- Goal of the exercise:
Somewhere below are a line with "MGB Sports by" and a later line with "고혈압, 고혈압은 유전적". Output exactly those lines and all lines between them.

- Supplied material:

==========

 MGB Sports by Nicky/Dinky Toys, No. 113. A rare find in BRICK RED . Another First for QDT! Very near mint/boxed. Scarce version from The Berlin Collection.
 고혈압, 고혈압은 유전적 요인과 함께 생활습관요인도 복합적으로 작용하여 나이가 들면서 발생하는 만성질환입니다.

==========

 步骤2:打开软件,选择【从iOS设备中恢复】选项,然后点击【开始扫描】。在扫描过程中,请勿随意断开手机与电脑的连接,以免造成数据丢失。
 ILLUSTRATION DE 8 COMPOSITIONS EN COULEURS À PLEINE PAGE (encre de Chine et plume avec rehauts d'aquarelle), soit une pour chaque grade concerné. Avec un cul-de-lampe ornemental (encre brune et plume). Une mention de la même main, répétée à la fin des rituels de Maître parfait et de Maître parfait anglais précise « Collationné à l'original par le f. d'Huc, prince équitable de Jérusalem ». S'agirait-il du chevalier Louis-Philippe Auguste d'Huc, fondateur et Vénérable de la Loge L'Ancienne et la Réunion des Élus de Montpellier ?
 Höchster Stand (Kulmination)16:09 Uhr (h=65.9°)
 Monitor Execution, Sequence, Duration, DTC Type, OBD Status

==========

- Exercise result:
 MGB Sports by Nicky/Dinky Toys, No. 113. A rare find in BRICK RED . Another First for QDT! Very near mint/boxed. Scarce version from The Berlin Collection.
 고혈압, 고혈압은 유전적 요인과 함께 생활습관요인도 복합적으로 작용하여 나이가 들면서 발생하는 만성질환입니다.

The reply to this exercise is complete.